Several years ago a commercial ran for a cruise line where the Father said to his family that for their vacation he had decided to take them to all of the Civil War battlefields. The wife and children, who had been excited at the impending announcement, gave a bored, depressed look. The advertisement went on to suggest to give your family an exciting cruise vacation instead. Ironically, when I was a boy and my Father asked me what I might want to do for vacation, I always said “Tour a Civil War battlefield”. I loved to drive around and view the cannons and study the battlefields and generals and have ever since.
I was dismayed, but not surprised, to read in a recent Wall Street Journal article how much visitation of civil war battlefields has declined in recent years, from about 10.2 million visitors in 1970 to 3.1 million in 2018. Much of it is attributable to young people not having as much interest in history compared to my and previous generations. However, more recently the controversies over Confederate statutes has also hurt attendance as people are shying swaying from anything related to the Confederacy.

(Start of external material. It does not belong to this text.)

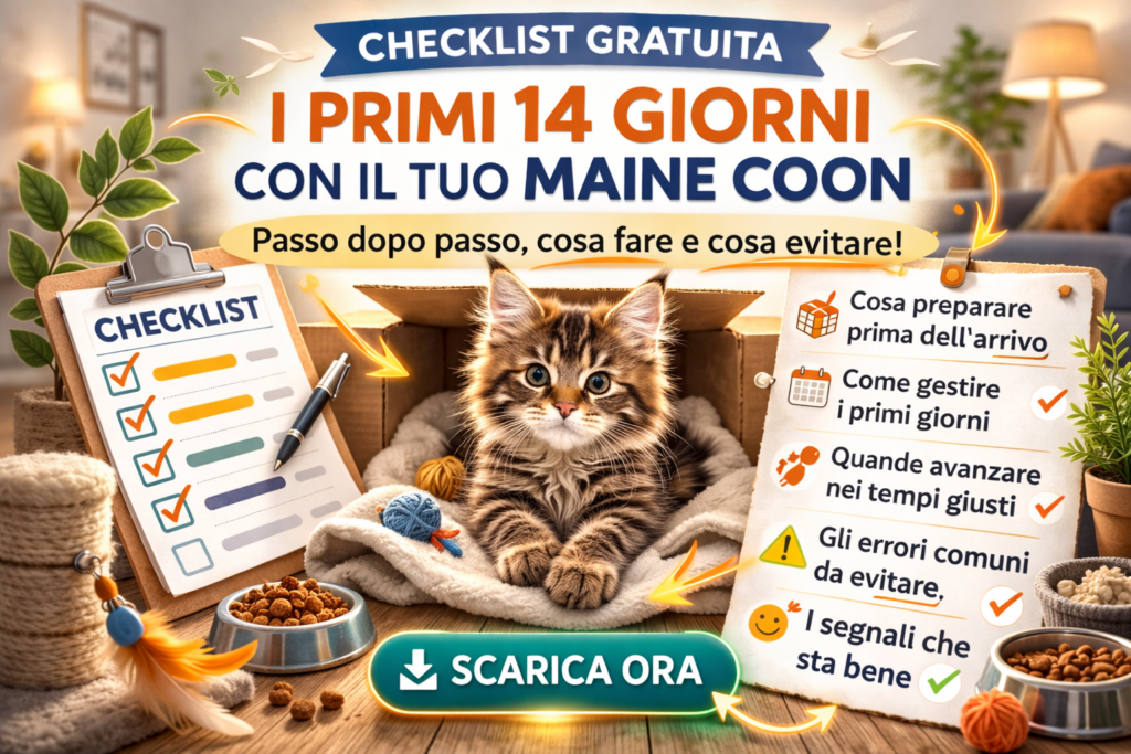 Ecco perchè abbiamo creato la prima checklist completa e testata per i primi 14 giorni con il tuo Maine Coon

I do not understand the extreme backlash against the Confederacy and Confederate statutes. Yes, slavery was evil and the Confederacy was a slave republic, but so was America. Yes, many of the persons for which statutes were erected were slaveholders or at least racists, but so were George Washington and Thomas Jefferson and General Grant, yet there is little objection to their statutes. Almost everyone, North and South, were racists in the 1860s. Abraham Lincoln made it clear he considered the black man inferior to the white man and, although he did not feel this fact gave someone the right to enslave them, regularly used slurs to describe them. Why is there only agitation to take down Southern symbols when America itself had the same sins of slavery and racism?

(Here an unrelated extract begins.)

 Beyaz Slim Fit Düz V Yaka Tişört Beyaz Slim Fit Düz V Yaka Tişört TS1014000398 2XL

None of the objected to statutes were erected because of the persons participation in slavery (that I am aware of), but because of great deeds they accomplished – General, Statesman, etc. Most were good Christian men, to one degree or another, who did many notable deeds but lived at a time where slavery was the system in place and were caught up in that system. They sinned indeed, but all have sinned and come short of the glory of God. Based on this standard we could not have statutes erected to anyone, and no good or great deeds could be celebrated in this way due to the fallen nature of man. Perhaps this would be best but I think not. It is a good thing to look at statutes and reflect on great deeds. It is inspiring. This is true even of men and women who had some faults and sins, we all do.

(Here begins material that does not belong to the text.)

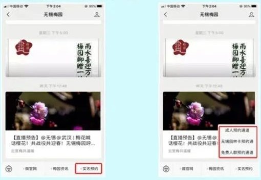3、无锡梅园微信公众号右下角实名预约,选择相应种类:成人票预约、免费人群预约、园林卡预约。
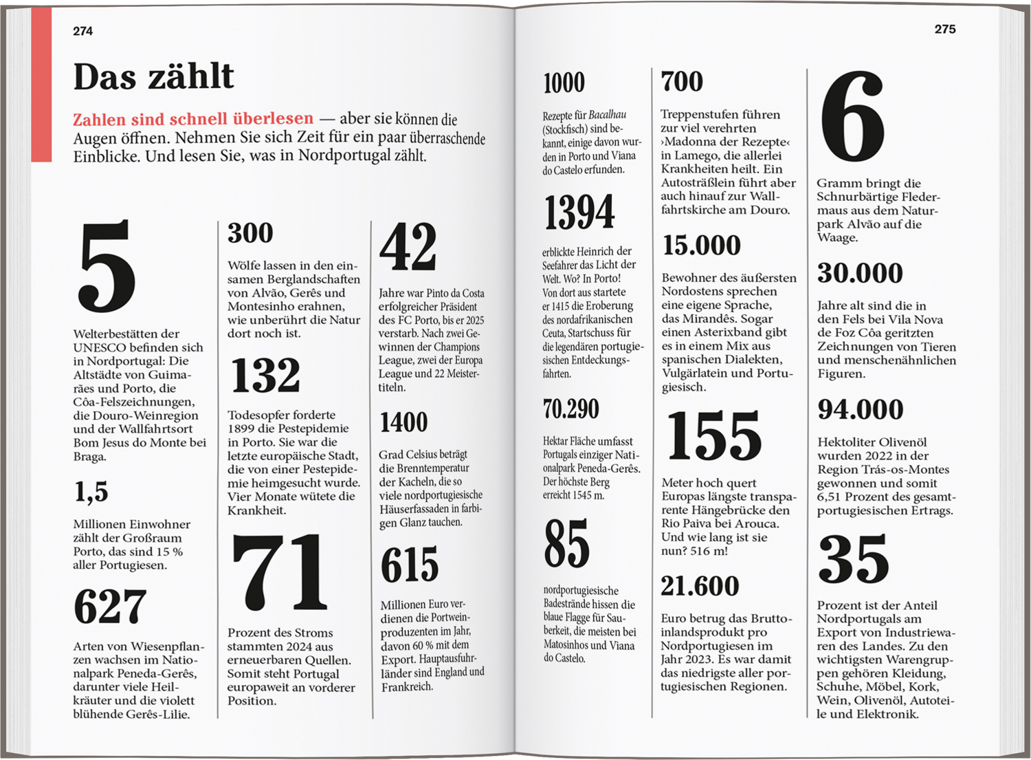Senkrechtstarter, Überflieger, Querfeldein. Vor Ort - die Kapitel: Porto, Rund um Porto, Braga, Guimarães und Barcelos, Am nördlichen Atlantik, Vom Rio Minho zum Rio Lima, Nationalpark Peneda-Gerês, Trás-os-Montes, Im Tal des Douro. Das Kleingedruckte (Reiseinfos von A bis Z). Das Magazin. Offene Fragen.

The South, both then and today, is filled with mostly decent people. Many who owned slaves treated them reasonably well at a time when there was really no alternative available to individual slaveholders to release them en mass. With little resources and education, all the slaves could have done is gone back to work in the field at slave wages with as hard or harder lives than they had as slaves. This was mostly what happened after the war, after they were emancipated. This is not a justification of slavery, as a system of gradual emancipation, including education, should have been implemented by the South that would have ensured a successful transition to freedom. That the South refused to do this, freeing the slaves on their own, brought God’s judgment on them along with much destruction and death and ruin, and a loss of their Antebellum society which (even apart from slavery) they loved and cherished.
The South has paid a steep price for its sins. Let us quit casting stones at the South and instead allow it to honor its heroes and the good in its past while acknowledging its sins. Visit a Civil War battlefield this summer and learn of the great military deeds that were performed on those fields by both North and South. While there, contemplate their sins if you wish and your own as well.